(Listed records):
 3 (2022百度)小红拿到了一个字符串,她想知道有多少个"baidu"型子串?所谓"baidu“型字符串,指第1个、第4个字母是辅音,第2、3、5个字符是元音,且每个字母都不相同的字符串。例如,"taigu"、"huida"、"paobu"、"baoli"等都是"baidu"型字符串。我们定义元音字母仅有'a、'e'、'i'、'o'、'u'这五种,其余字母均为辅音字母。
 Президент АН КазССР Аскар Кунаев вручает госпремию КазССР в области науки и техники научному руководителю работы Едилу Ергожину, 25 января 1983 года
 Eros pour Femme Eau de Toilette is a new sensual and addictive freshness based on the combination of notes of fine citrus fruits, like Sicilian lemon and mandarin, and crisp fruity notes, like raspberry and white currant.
* * *
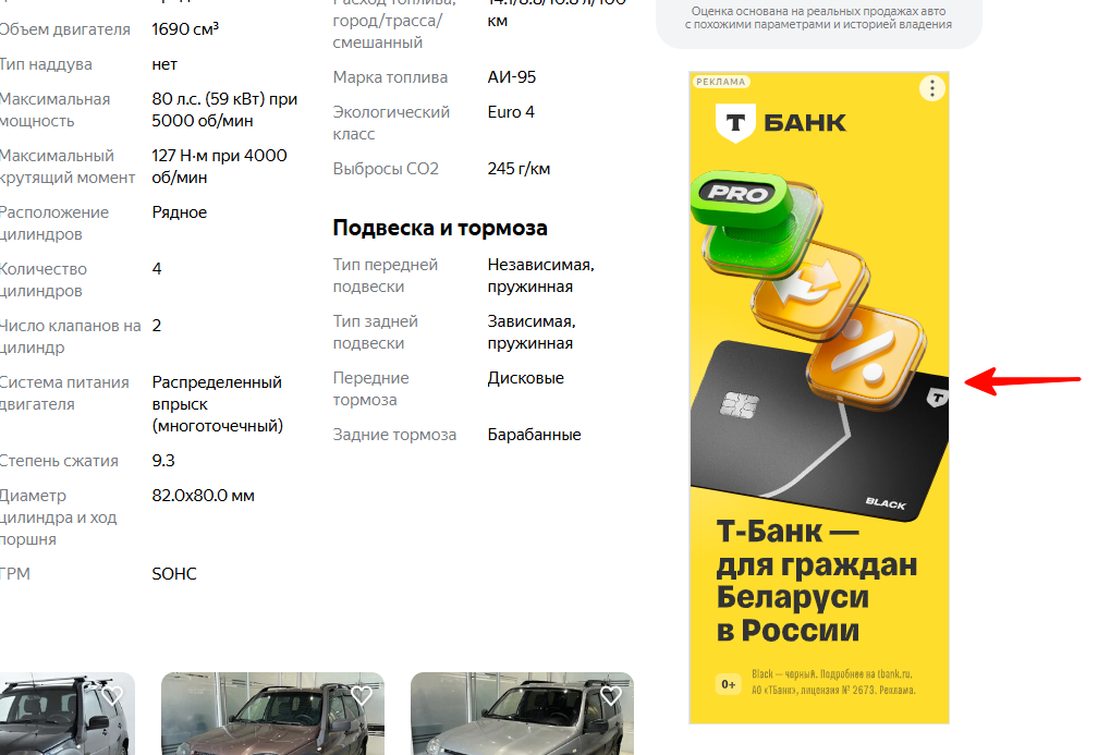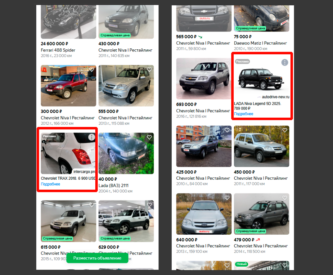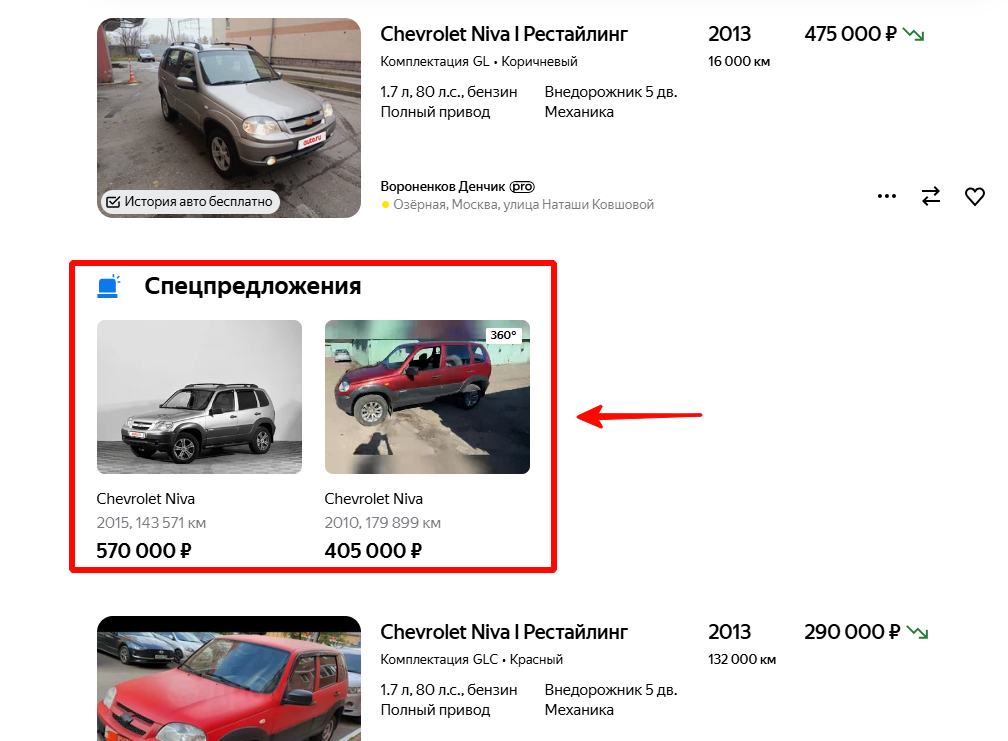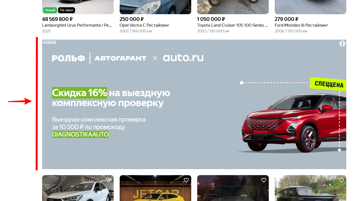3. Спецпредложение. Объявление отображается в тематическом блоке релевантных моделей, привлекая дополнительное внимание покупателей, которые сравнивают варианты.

(Work to be completed): The answer is the lines above between the line holding "Президент АН КазССР" and the line holding "Eros pour Femme", inclusive, each written out exactly, and no others.

(Solution):
 Президент АН КазССР Аскар Кунаев вручает госпремию КазССР в области науки и техники научному руководителю работы Едилу Ергожину, 25 января 1983 года
 Eros pour Femme Eau de Toilette is a new sensual and addictive freshness based on the combination of notes of fine citrus fruits, like Sicilian lemon and mandarin, and crisp fruity notes, like raspberry and white currant.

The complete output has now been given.